Omit every picture, and retype the lines that run from the beginning of the data below through the line containing "RHONE Atmosphere Tee, Black, Workout", inclusive.

▶ _Data below_:
■ ■ ■ ■

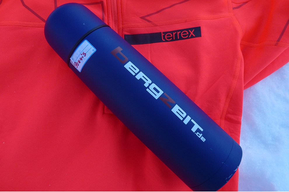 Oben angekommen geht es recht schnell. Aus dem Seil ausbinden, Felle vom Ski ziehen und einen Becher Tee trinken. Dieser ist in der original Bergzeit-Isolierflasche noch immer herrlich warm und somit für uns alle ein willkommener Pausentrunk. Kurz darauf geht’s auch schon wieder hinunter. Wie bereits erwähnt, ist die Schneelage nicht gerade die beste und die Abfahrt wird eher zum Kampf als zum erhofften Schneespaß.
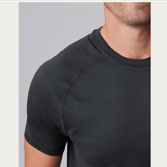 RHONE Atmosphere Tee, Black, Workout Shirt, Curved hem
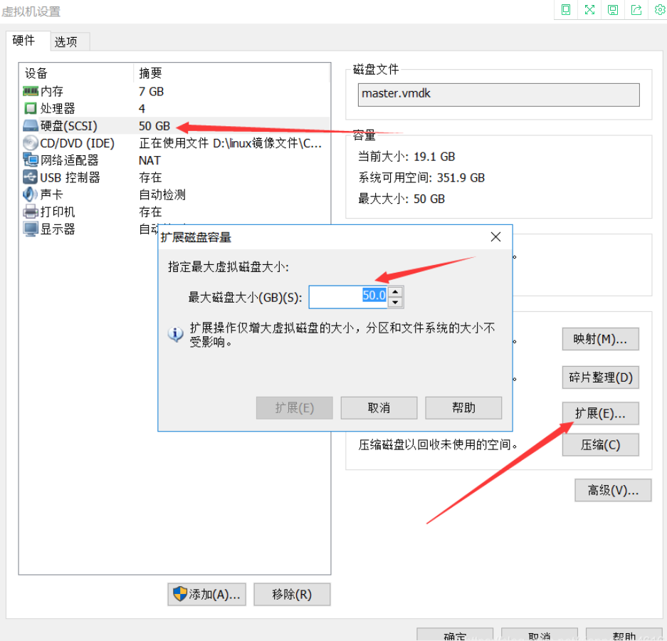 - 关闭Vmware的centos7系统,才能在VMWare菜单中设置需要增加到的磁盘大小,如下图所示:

■ ■ ■ ■

▶ _Reply_:
 Oben angekommen geht es recht schnell. Aus dem Seil ausbinden, Felle vom Ski ziehen und einen Becher Tee trinken. Dieser ist in der original Bergzeit-Isolierflasche noch immer herrlich warm und somit für uns alle ein willkommener Pausentrunk. Kurz darauf geht’s auch schon wieder hinunter. Wie bereits erwähnt, ist die Schneelage nicht gerade die beste und die Abfahrt wird eher zum Kampf als zum erhofften Schneespaß.
 RHONE Atmosphere Tee, Black, Workout Shirt, Curved hem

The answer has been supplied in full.